#### EXERCISE INSTRUCTIONS:
Look through the data below and output, unchanged, every line from the one holding "Heart and Soul" through the one holding "مجموعة فرشاة الهواء", inclusive. Skip the pictures.

#### RECORDS PROVIDED:
---

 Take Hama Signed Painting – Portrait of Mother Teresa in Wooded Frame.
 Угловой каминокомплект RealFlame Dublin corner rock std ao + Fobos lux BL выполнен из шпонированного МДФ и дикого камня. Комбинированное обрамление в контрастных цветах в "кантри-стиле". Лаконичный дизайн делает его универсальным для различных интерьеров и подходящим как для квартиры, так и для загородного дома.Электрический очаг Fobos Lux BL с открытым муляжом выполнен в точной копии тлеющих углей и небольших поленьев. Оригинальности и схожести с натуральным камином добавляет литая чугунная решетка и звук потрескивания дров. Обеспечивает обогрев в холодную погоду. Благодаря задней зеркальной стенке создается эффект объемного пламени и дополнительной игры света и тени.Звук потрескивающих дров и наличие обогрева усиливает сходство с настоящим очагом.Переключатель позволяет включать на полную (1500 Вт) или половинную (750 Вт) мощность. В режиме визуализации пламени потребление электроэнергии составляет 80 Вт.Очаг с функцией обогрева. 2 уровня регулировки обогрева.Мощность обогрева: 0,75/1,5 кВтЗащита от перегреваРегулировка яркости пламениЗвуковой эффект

---

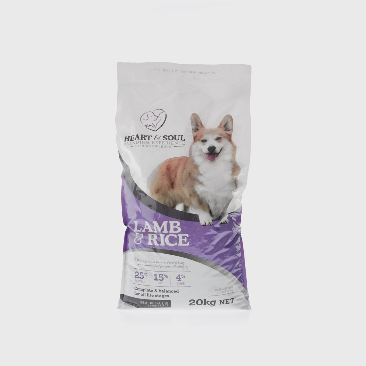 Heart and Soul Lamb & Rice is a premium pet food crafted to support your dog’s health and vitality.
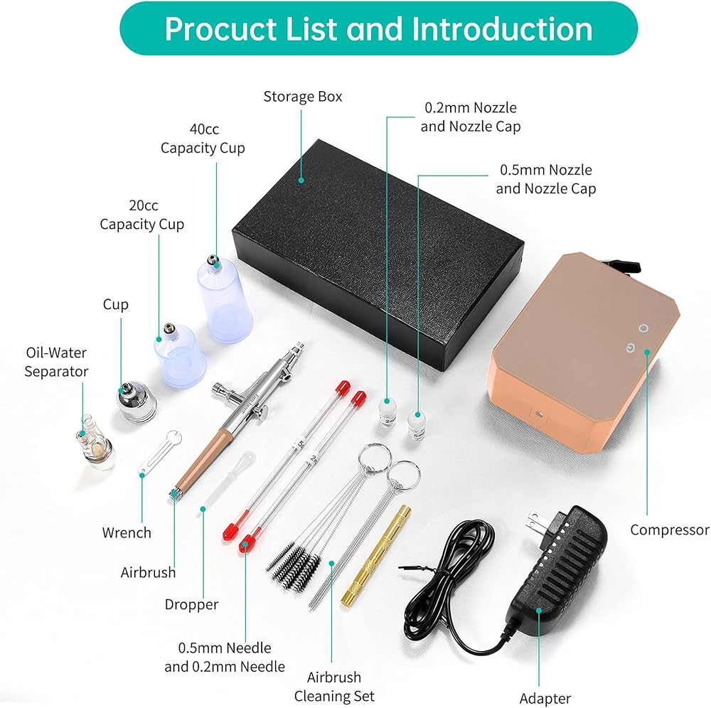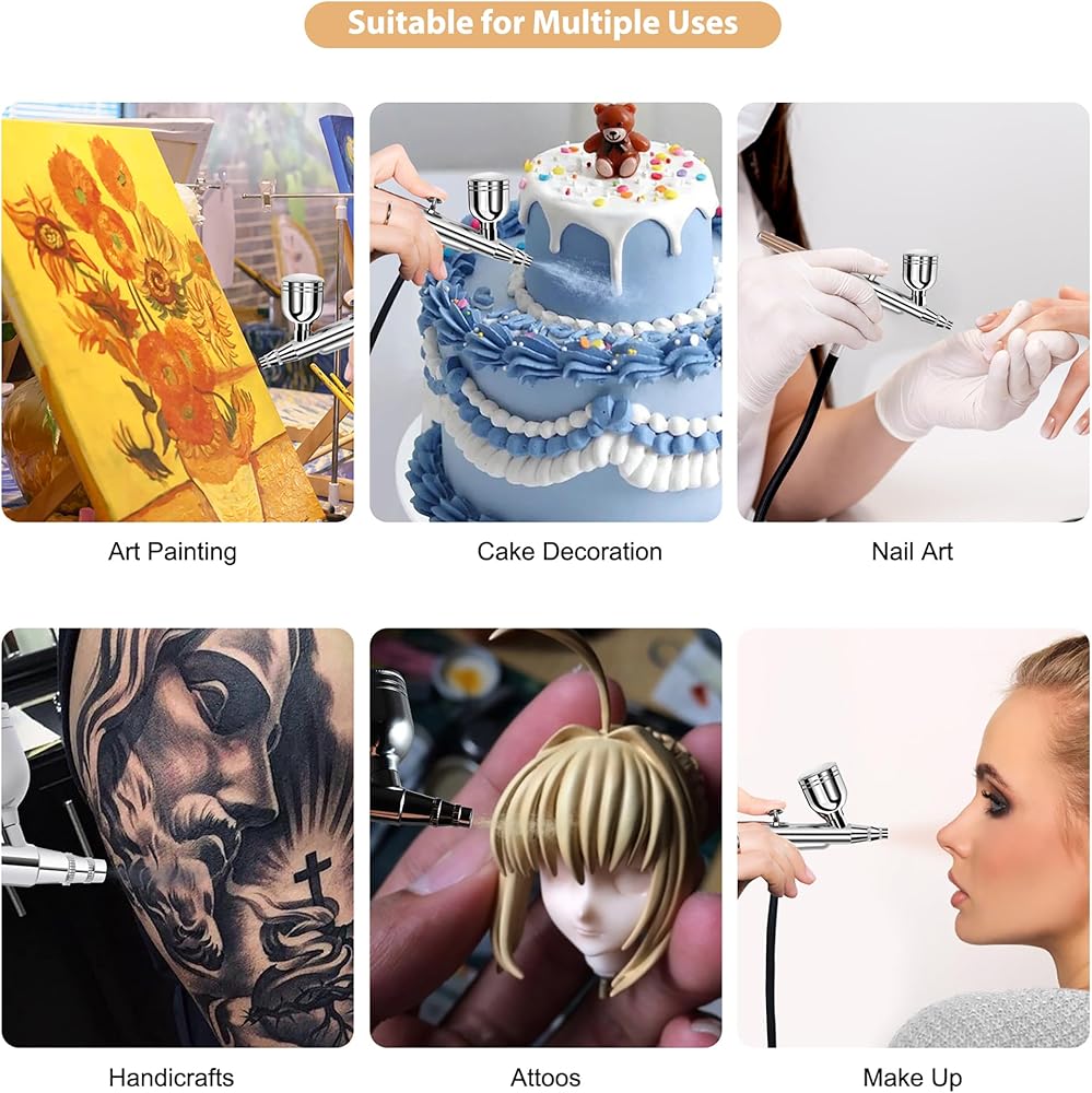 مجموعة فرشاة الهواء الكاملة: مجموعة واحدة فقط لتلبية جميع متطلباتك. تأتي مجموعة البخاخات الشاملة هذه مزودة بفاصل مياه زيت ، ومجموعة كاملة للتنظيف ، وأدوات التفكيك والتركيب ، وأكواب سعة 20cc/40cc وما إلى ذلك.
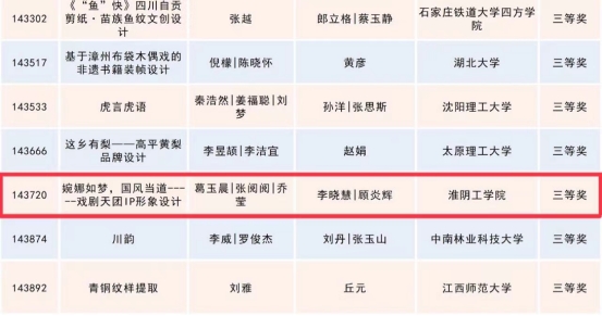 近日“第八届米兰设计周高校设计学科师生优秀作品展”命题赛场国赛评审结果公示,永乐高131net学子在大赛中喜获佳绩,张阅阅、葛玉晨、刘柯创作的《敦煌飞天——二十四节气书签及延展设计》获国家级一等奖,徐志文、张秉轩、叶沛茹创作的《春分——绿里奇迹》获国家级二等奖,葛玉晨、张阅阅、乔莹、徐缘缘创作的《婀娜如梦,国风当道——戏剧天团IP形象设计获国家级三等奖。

---

#### EXERCISE SOLUTION:
 Heart and Soul Lamb & Rice is a premium pet food crafted to support your dog’s health and vitality.
 مجموعة فرشاة الهواء الكاملة: مجموعة واحدة فقط لتلبية جميع متطلباتك. تأتي مجموعة البخاخات الشاملة هذه مزودة بفاصل مياه زيت ، ومجموعة كاملة للتنظيف ، وأدوات التفكيك والتركيب ، وأكواب سعة 20cc/40cc وما إلى ذلك.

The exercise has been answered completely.